**PROVIDED DATA**
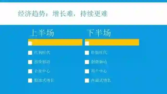 对我国的企业来说,还要面临另外一个严峻的现实——经济下行。关于经济走势,一直有V型、U型和L型的争论,说的是经济回升的时间问题。但几乎所有人都认为,在经历了三十多年的快速增长后,经济已进入下半场。经济增长的转场至少表现在四个方面:政策、人口红利结束,价值创造时代开启;由投资驱动转向创新驱动;企业中心的增长转向用户中心;粗放式增长方式转向内涵式增长。
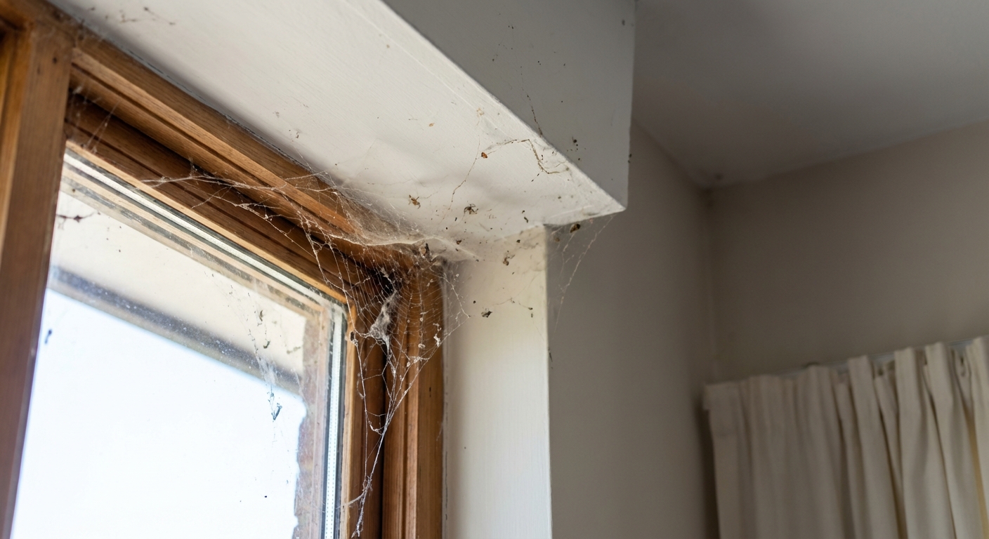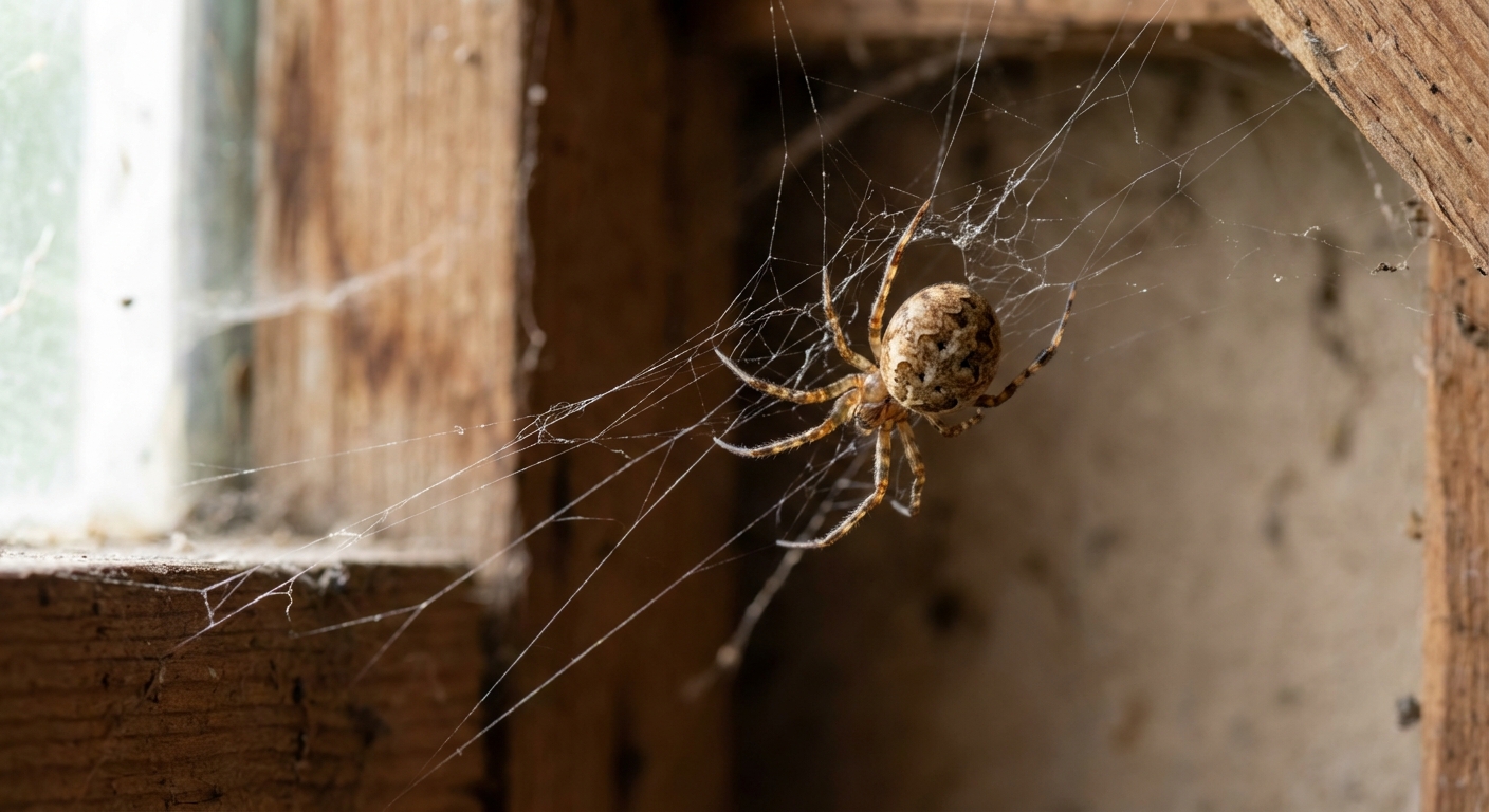 The most obvious sign is the accumulation of tangled cobwebs in upper corners of rooms, around window frames, in basements, garages, and crawlspaces. Abandoned webs collect dust and become the classic 'cobweb' associated with neglected spaces. You may also find small, round, brownish egg sacs wrapped in silk within or near the web. Seeing multiple spiders or dense webbing indicates a healthy prey insect population in the home.
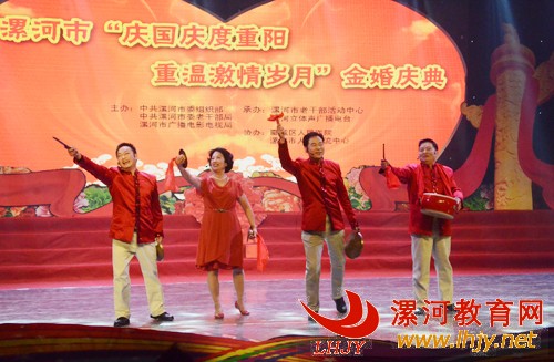 典礼现场 市领导王惠(中)、陈平(右2)、栗社臣(左2)、胡新峰(右1)出席庆典 开场舞《花开盛典》 少儿舞蹈《雁南飞》 三句半《为金婚喝彩》 获奖老人走过红地毯合影留念
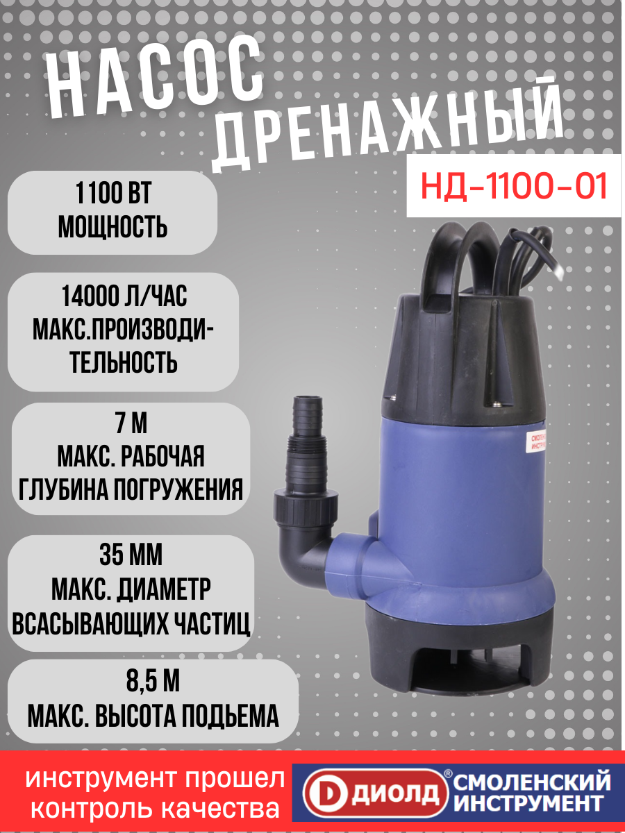 Погружной дренажный насос диолд НД-1100-01, электрический, 220В, 1100Вт, 14000 л/час, российский производитель информация:

**EXERCISE INSTRUCTIONS**
Nothing but the lines from the one that contains "典礼现场 市领导王惠(中)、陈平(右2)、栗社臣(左2)、胡新峰(右1)出席庆典 开场舞《花开盛典》" through the last line of the material should be written out, exactly. Omit pictures.

**TASK SOLUTION**
 典礼现场 市领导王惠(中)、陈平(右2)、栗社臣(左2)、胡新峰(右1)出席庆典 开场舞《花开盛典》 少儿舞蹈《雁南飞》 三句半《为金婚喝彩》 获奖老人走过红地毯合影留念
 Погружной дренажный насос диолд НД-1100-01, электрический, 220В, 1100Вт, 14000 л/час, российский производитель информация:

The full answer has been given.